8 thoughts on “The Marcy case III”

  1. So, want to place a bet on how long it will take another university to snap him up? Other famous scientists with big grants who have disgraced themselves ethically have tended to have brief periods of unemployment.

  2. Instead, one after another of his friends and colleagues decided that it was more important to avoid an awkward moment than to (i) try to save their friend from a suicidal path (ii) protect their young colleagues.

    The priorities right here are the problem. Protecting the vulnerable should come first.

    1. Of course, this kind of thing doesn't happen in a vacuum. Whoever first (and second, and third) had that talk with him would likely have considered themselves at risk for retaliation. So you need to change the atmosphere pervasively. The department chair's initial reaction doesn't bode well.

      1. Seconding this. The people who took the lead would be taking a huge risk, especially since that guy was hard to remove. The odds of him being around for retaliation were high, and it's clear that he had no ethics to restrain him.

        The leadership of the university could have done something, with impunity, but chose not to.

  3. "Other famous scientists with big grants who have disgraced themselves ethically have tended to have brief periods of unemployment."
    Names? I've been "in" science as a worker/student/postdoc/faculty member for nearly the entire duration of Title IX, and while creepers still exist, Marcy was so far over the line I think he is radioactive and will remain so for a very long time. Possibly forever.

    1. This was the first time I saw it, 30 years ago when I was at a research assistant at Michigan State University and this scandal broke. Note too this was not “just” groping, but having sex with young psychiatric patients. A *woman* faculty member on the committee that actively recruited him said she had full knowledge of his past, but was sure it was just a one-time slip up, and he was after all very famous and would help our reputation. http://www.toledoblade.com/frontpage/2004/12/26/S

      I could name many others, but I won’t.

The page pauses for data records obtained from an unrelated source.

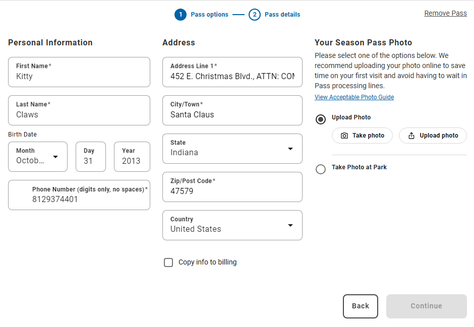 You can upload your photo as part of the Season Pass purchase process! When you’re filling out your name and address, the option to upload your photo is on the right.
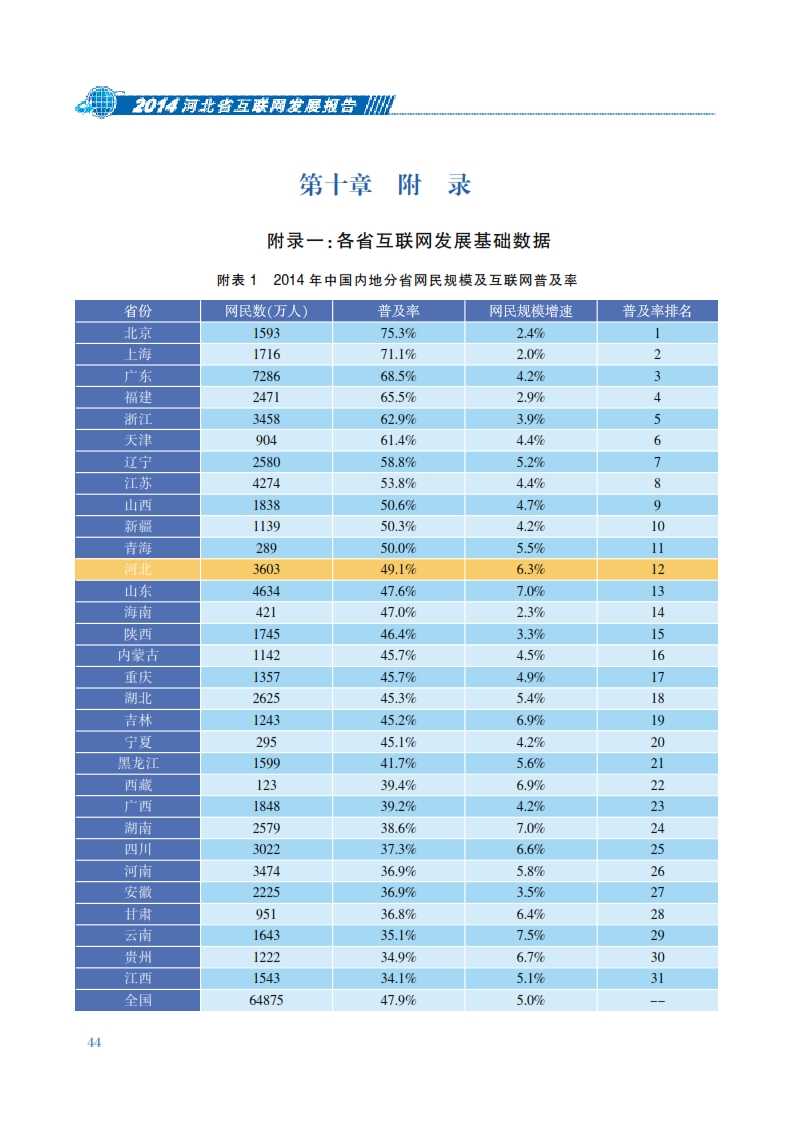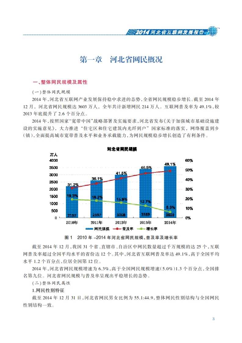 2014年,河北省互联网产业发展保持稳中求进的态势,全省网民规模稳步增长。截至2014年12月,河北省网民规模达3603万人,全年共计新增网民214万人。互联网普及率为49.1%,较2013年底提升了2.6个百分点。
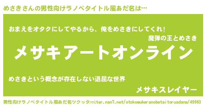 | ヘコむあだ名 | 『めさにゅー』『めさき(小並感)』 |
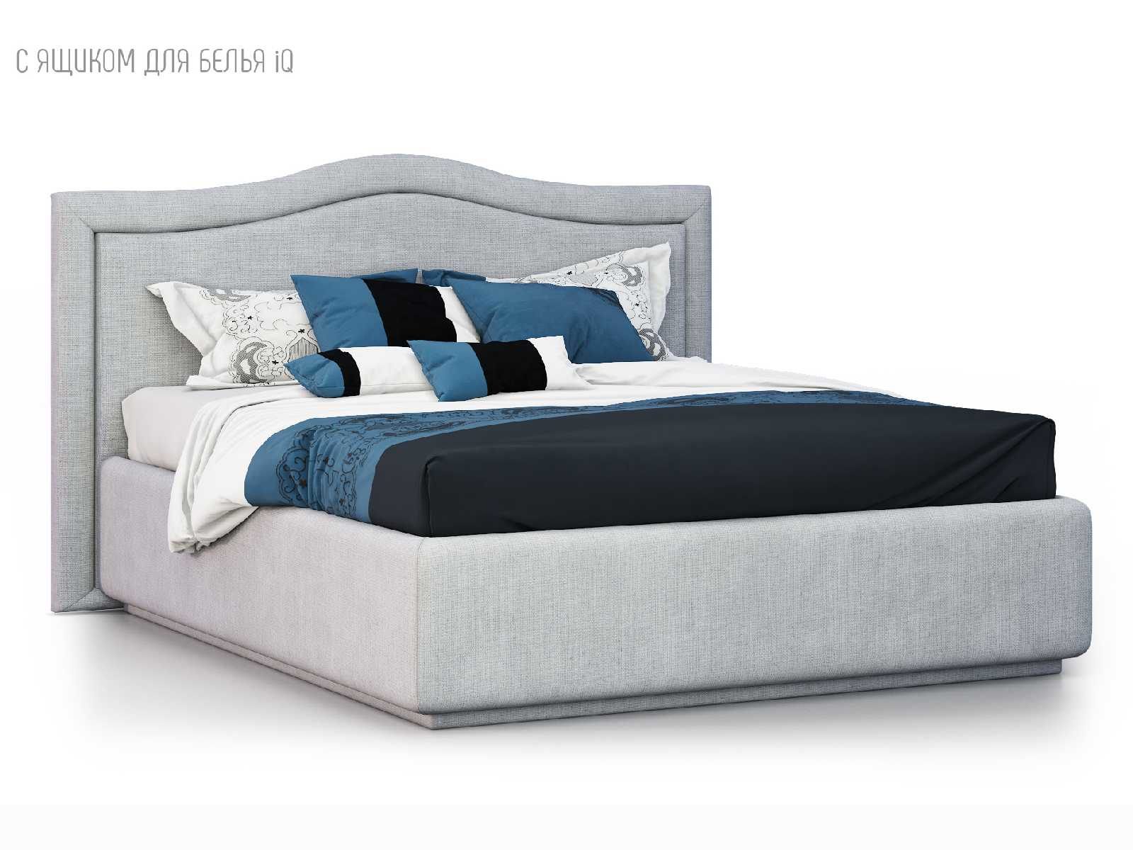 Кровать укомплектована IQ с подъемным механизмом и ящиком для белья без дна (дополнительная платная опция - дно к ящику IQ из HDF (ХДФ). Каркас кровати на цоколе, декоративный чехол на цоколе съёмный. Глубина ящика для белья - 30 см, без ограничения нагрузки на ящик.
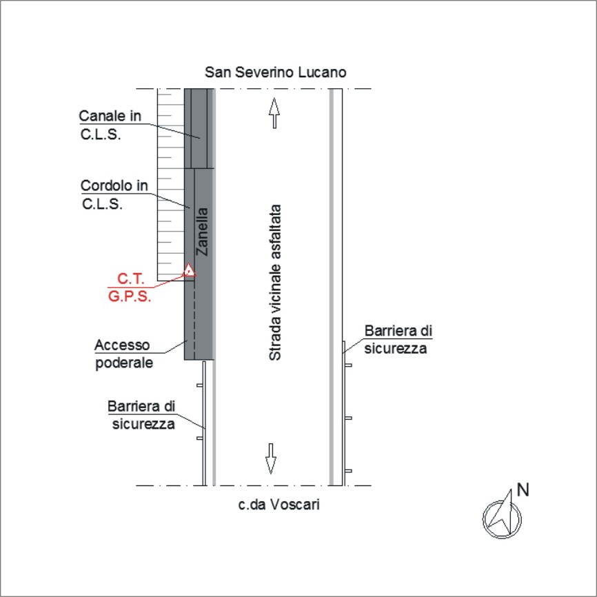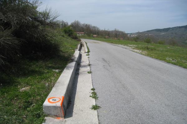 | materializzazione | Centrino orizzontale di tipo chiodo con rondella ARPAB Regione Basilicata infisso sul cordolo con zanella in C.L.S. |
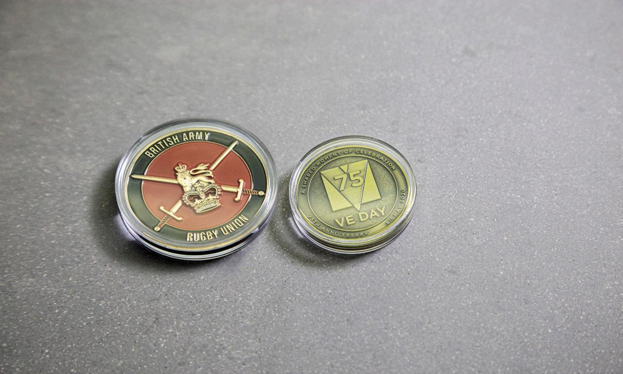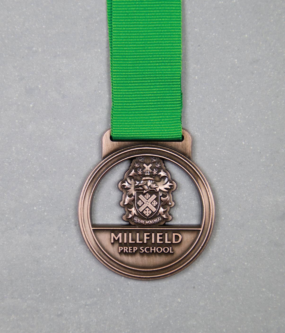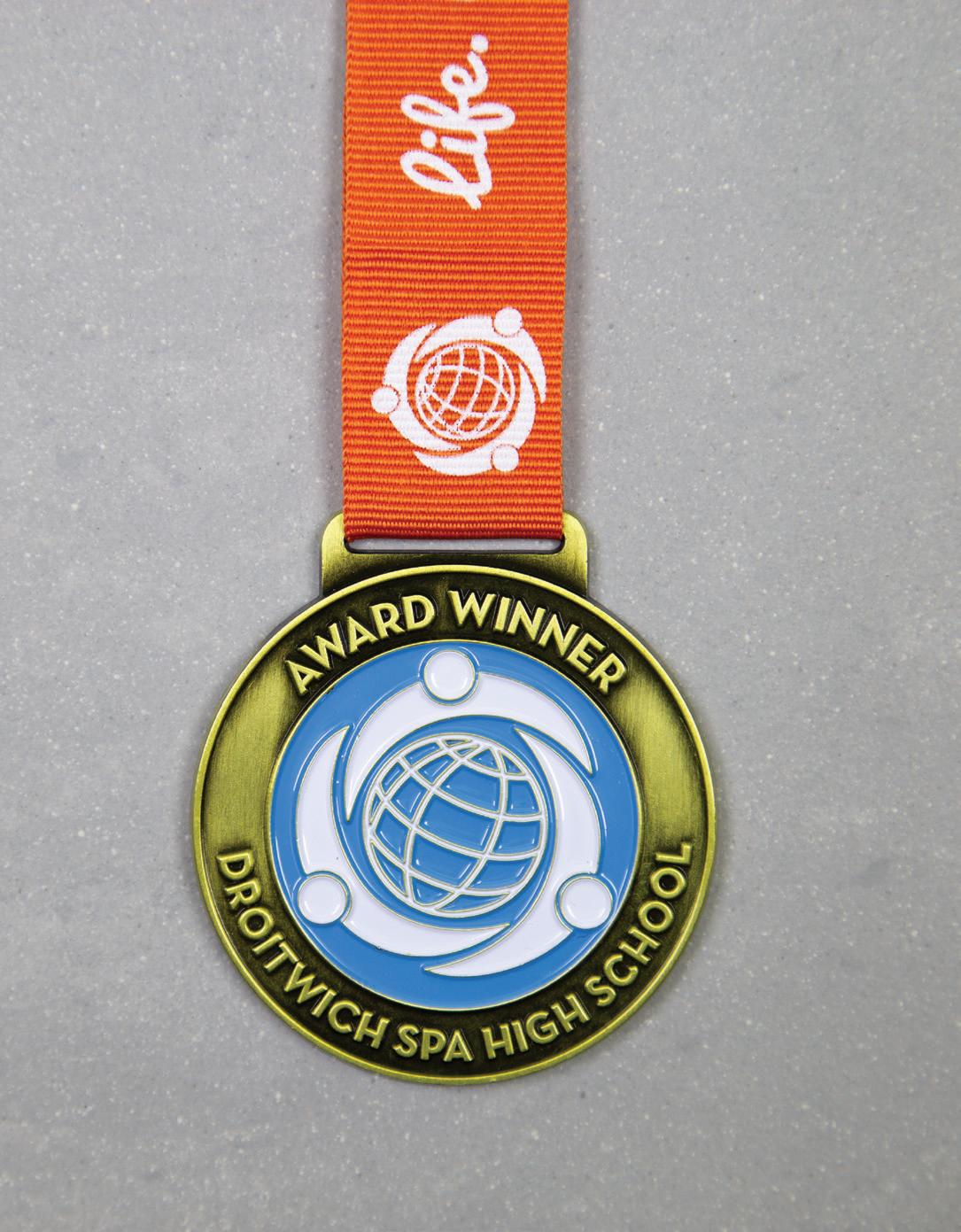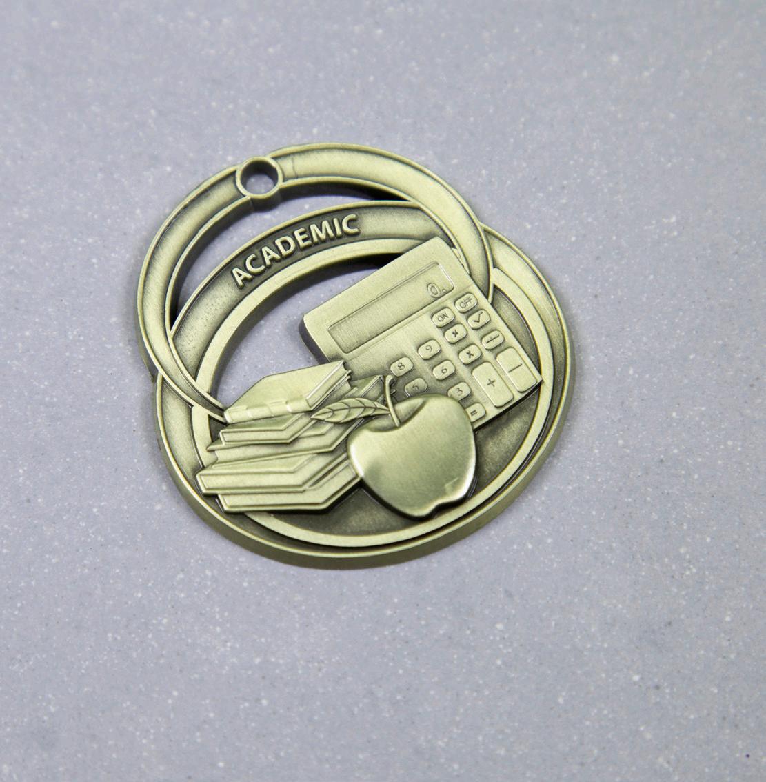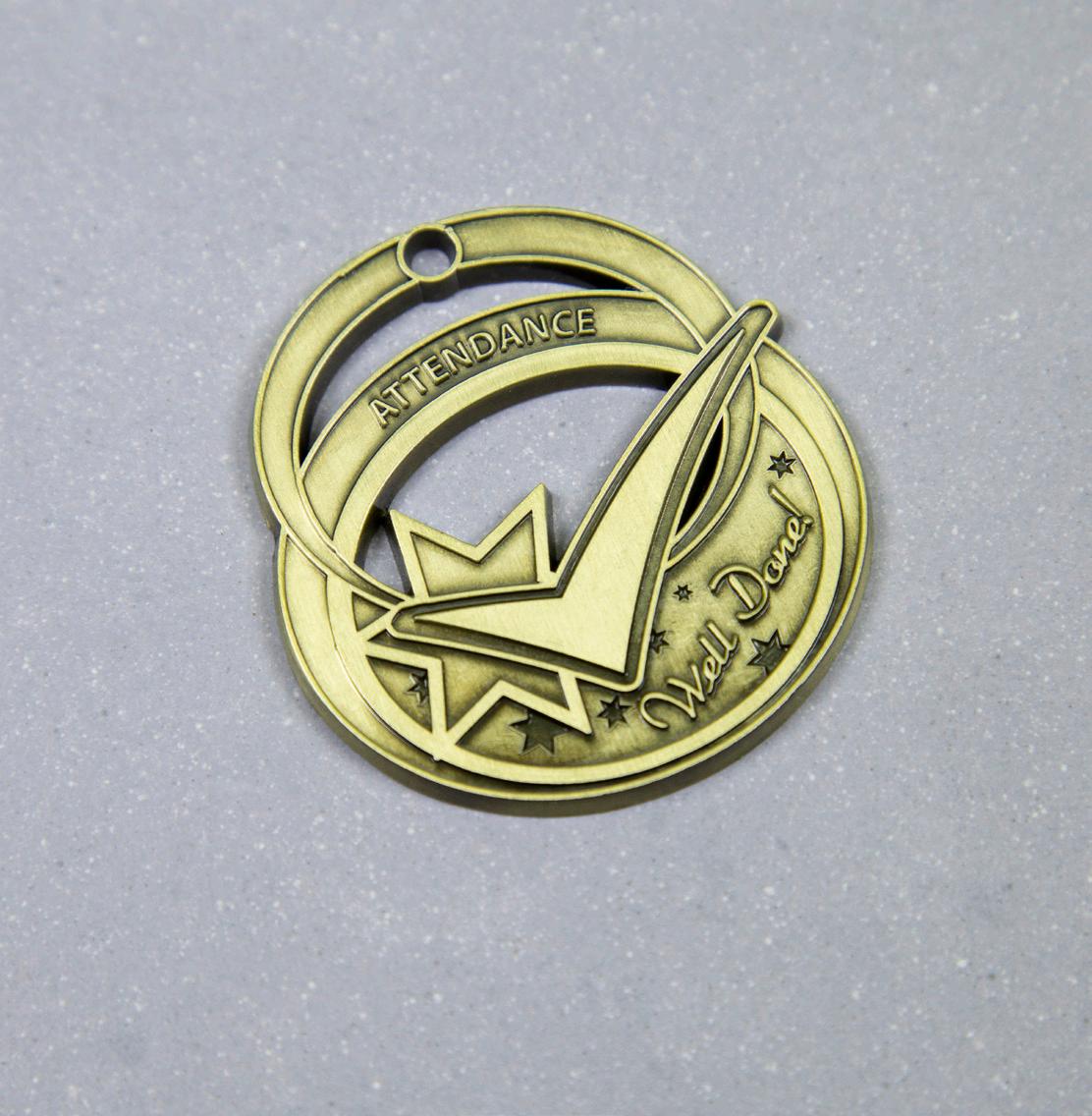 Medals shown have an Antique Gold finish with Partial Enamelling
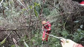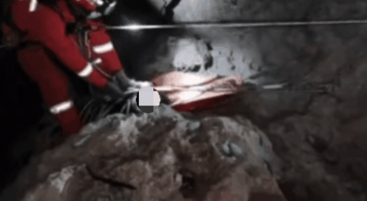 經(jīng)過40余分鐘,救援人員終于抵達(dá)洞穴底部。由于林某腰部受傷,加之被困時(shí)間較長,意識開始模糊,無法動彈。另一同伴朱某受輕傷,意識清醒。
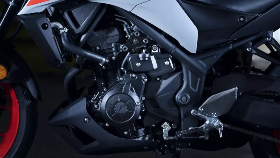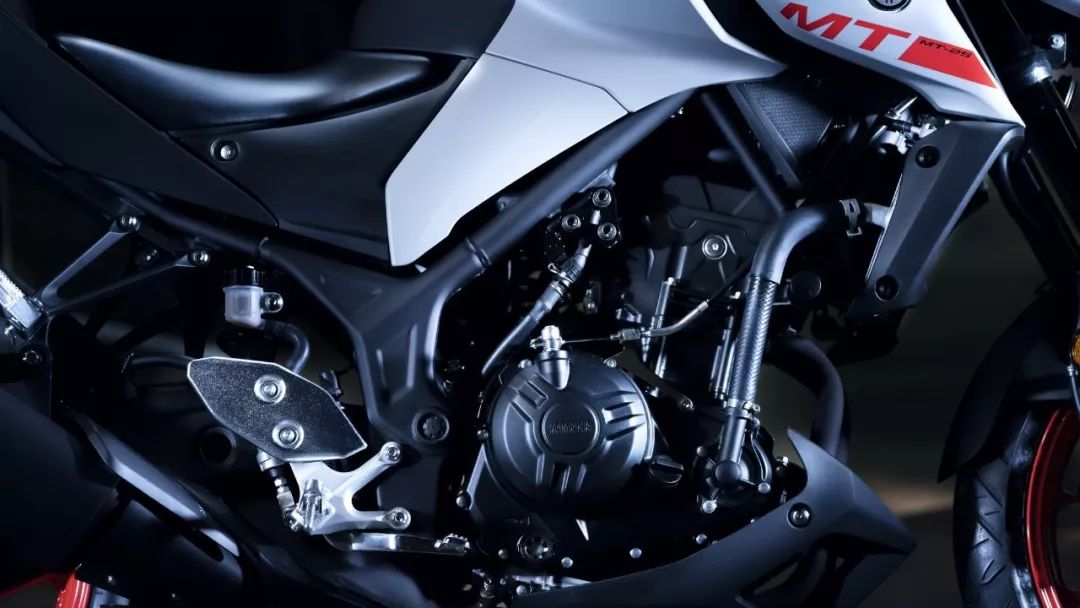 新的 MT-25 沿用了此前的水冷四沖程直列兩汽缸、DOHC 每汽缸四汽閥的發(fā)動機,缸徑、行程為 60 mm × 44.1 mm(MT-03 的缸徑、行程為 68 mm × 44.1 mm),排汽量 249 cc,最大動力輸出 26.5 kw(約 35 匹。而 MT-03 的最大動力輸出為 31 kw)。

      1. Keith, I see something quite remarkable in the newspaper story you linked.

        While his associates and peers were willing to overlook his little foibles, those desk-driving bureaucrats were the ones who took action. And serious actions it was, too.

        And I say "Hooray for the bureaucracy."

        1. It's a long story, and their were certainly times his peers were complicit though others when they weren't. I think the true heroines were the patients who complained.